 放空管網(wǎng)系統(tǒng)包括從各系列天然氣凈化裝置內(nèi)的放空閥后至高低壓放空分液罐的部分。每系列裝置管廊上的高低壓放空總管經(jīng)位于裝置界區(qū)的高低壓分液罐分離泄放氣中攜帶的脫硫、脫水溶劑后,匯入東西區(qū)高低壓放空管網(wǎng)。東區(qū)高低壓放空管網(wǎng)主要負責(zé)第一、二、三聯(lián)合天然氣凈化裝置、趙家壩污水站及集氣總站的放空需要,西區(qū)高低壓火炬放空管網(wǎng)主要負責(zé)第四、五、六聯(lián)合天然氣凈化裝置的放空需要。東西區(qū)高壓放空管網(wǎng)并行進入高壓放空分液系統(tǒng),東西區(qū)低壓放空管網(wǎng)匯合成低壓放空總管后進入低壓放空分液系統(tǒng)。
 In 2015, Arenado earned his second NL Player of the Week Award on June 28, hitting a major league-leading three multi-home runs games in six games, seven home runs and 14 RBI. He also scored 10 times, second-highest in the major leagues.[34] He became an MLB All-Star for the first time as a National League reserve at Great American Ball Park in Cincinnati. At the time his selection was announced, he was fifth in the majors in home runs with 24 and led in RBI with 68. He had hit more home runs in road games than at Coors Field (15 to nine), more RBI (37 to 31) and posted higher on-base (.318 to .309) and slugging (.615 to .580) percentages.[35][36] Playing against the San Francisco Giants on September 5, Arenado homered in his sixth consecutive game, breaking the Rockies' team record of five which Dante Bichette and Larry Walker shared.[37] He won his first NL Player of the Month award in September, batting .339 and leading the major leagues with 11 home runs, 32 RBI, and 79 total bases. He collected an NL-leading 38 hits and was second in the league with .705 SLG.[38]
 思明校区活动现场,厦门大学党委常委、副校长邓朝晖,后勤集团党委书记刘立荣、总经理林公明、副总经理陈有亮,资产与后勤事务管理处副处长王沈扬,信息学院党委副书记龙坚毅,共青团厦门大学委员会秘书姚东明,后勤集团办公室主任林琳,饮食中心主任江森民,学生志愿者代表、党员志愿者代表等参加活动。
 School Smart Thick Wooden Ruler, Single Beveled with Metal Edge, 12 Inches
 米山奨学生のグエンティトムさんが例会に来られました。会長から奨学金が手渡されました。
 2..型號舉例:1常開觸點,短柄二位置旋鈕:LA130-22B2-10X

§ Task objective
Copy out, word for word, only the lines from the one with "米山奨学生のグエンティトムさ" through the last line of the material above.

§ Problem solution
 米山奨学生のグエンティトムさんが例会に来られました。会長から奨学金が手渡されました。
 2..型號舉例:1常開觸點,短柄二位置旋鈕:LA130-22B2-10X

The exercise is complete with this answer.